Scientists produce tokamak plasma that’s stable at 10x Greenwald limit

Scientists produce tokamak plasma that’s stable at 10x Greenwald limit. Future reactor-scale tokamaks will likely need to operate near or above the Greenwald limit.

Physicists from the University of Wisconsin–Madison have developed a tokamak plasma that is stable at ten times the Greenwald limit. Their achievement has implications for tokamak fusion reactors, but scientists caution that their plasma is not directly comparable to that in a fusion reactor.

The Greenwald limit was identified by Martin Greenwald almost 40 years ago as the density limit above which tokamak plasmas become unstable.

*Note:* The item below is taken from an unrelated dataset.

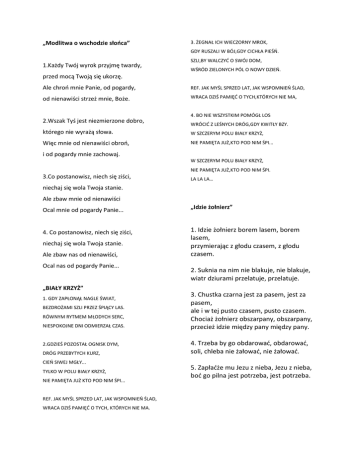 „Modlitwa o wschodzie słońca” 3. ŻEGNAŁ ICH WIECZORNY MROK, GDY RUSZALI W BÓJ,GDY CICHŁA PIEŚŃ. 1.Każdy Twój wyrok przyjmę twardy, SZLI,BY WALCZYĆ O SWÓJ DOM, WŚRÓD ZIELONYCH PÓL O NOWY DZIEŃ. przed mocą Twoją się ukorzę. Ale chroń mnie Panie, od pogardy, REF. JAK MYŚL SPRZED LAT, JAK WSPOMNIEŃ ŚLAD, od nienawiści strzeż mnie, Boże. WRACA DZIŚ PAMIĘĆ O TYCH,KTÓRYCH NIE MA, 4. BO NIE WSZYSTKIM POMÓGŁ LOS 2.Wszak Tyś jest niezmierzone dobro, WRÓCIĆ Z LEŚNYCH DRÓG,GDY KWITŁY BZY. którego nie wyrażą słowa. W SZCZERYM POLU BIAŁY KRZYŻ, Więc mnie od nienawiści obroń, NIE PAMIĘTA JUŻ,KTO POD NIM ŚPI... i od pogardy mnie zachowaj. W SZCZERYM POLU BIAŁY KRZYŻ, NIE PAMIĘTA JUŻ,KTO POD NIM ŚPI. 3.Co postanowisz, niech się ziści, LA LA LA… niechaj się wola Twoja stanie. Ale zbaw mnie od nienawiści Ocal mnie od pogardy Panie... 4. Co postanowisz, niech się ziści, niechaj się wola Twoja stanie. Ale zbaw nas od nienawiści, Ocal nas od pogardy Panie... „Idzie żołnierz” 1. Idzie żołnierz borem lasem, borem lasem, przymierając z głodu czasem, z głodu czasem. 2. Suknia na nim nie blakuje, nie blakuje, wiatr dziurami przelatuje, przelatuje. „BIAŁY KRZYŻ” 1. GDY ZAPŁONĄŁ NAGLE ŚWIAT, BEZDROŻAMI SZLI PRZEZ ŚPIĄCY LAS. RÓWNYM RYTMEM MŁODYCH SERC, NIESPOKOJNE DNI ODMIERZAŁ CZAS. 2.GDZIEŚ POZOSTAŁ OGNISK DYM, DRÓG PRZEBYTYCH KURZ, 3. Chustka czarna jest za pasem, jest za pasem, ale i w tej pusto czasem, pusto czasem. Chociaż żołnierz obszarpany, obszarpany, przecież idzie między pany między pany. 4. Trzeba by go obdarować, obdarować, soli, chleba nie żałować, nie żałować. CIEŃ SIWEJ MGŁY... TYLKO W POLU BIAŁY KRZYŻ, NIE PAMIĘTA JUŻ KTO POD NIM ŚPI... REF. JAK MYŚL SPRZED LAT, JAK WSPOMNIEŃ ŚLAD, WRACA DZIŚ PAMIĘĆ O TYCH, KTÓRYCH NIE MA. 5. Zapłaćże mu Jezu z nieba, Jezu z nieba, boć go pilna jest potrzeba, jest potrzeba. „Taki kraj” 1. Jest takie miejsce u zbiegu dróg, Gdzie się spotyka z zachodem wschód... Nasz pępek świata, nasz biedny raj... Jest takie miejsce, taki kraj. 2. Nad pastwiskami ciągnący dym, Wierzby jak mary w welonach mgły, Tu krzyż przydrożny, tam święty gaj... Jest takie miejsce, taki kraj. 3. Nadziei uczą ci, co na stos potrafią rzucić swój życia los. Za ojców groby, za Trzeci Maj... Jest takie miejsce, taki kraj. 4. Z pokoleń trudu, z ofiarnej krwi Zwycięskiej chwały nadeszły dni. Dopomóż Boże i wytrwać daj! Tu nasze miejsce, to nasz kraj!

Only a handful of devices have operated above this limit, and only by a factor of two.

Tokamaks are leading contenders for nuclear fusion reactors that generate power like the Sun. The new study published in Physical Review Letters is part of tokamak experiments in the Madison Symmetric Torus (MST) with a density up to an unprecedented level of about ten times this limit.

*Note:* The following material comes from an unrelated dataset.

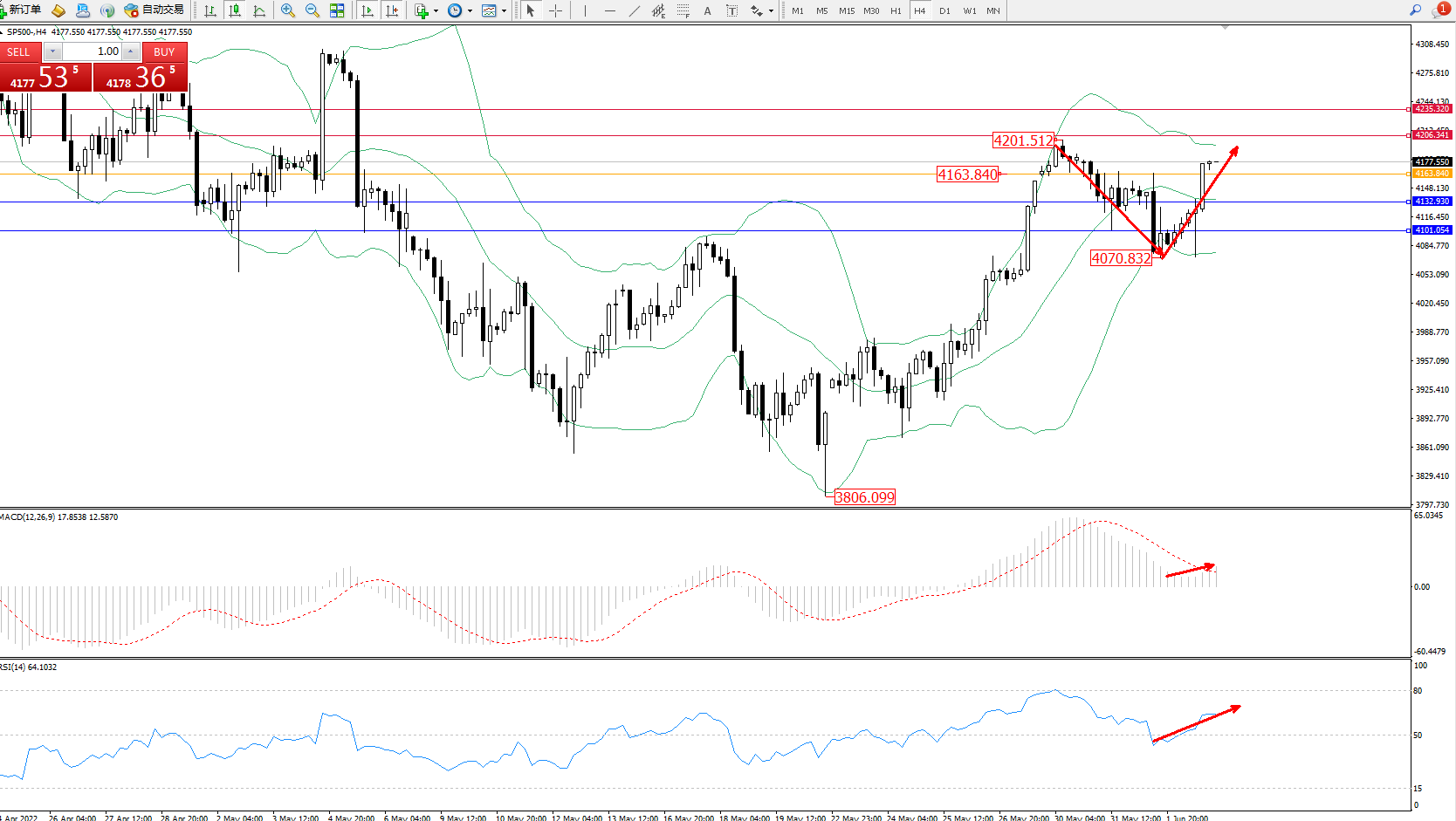 标普SP500——4小时K线图显示:

The radial profile of the toroidal current flattens around twice the limit without the edge collapse routinely observed in other experiments. MST has operated for many years as one of the leading programs studying the reversed field pinch, a toroidal configuration closely related to the tokamak.

Researchers looked into plasma density and tried to destabilize the plasma by puffing in more gas. They set the power supply to provide whatever voltage was needed to maintain a steady current in each plasma. The achieved plasma density was measured with interferometers viewing the plasma along 11 different lines of sight.

According to the University of Wisconsin, the Greenwald limit is just the ratio of the plasma density to the product of the plasma current and plasma size. Since the limit was defined, only a handful of devices have operated above it, and by at most a factor of two.

Future tokamaks will likely need to operate near or above the Greenwald limit. The researcher also underlined that these results are unlikely to be directly applicable to fusion reactors, such as ITER and others that are being built in the hopes of being the first net-positive energy production tokamaks.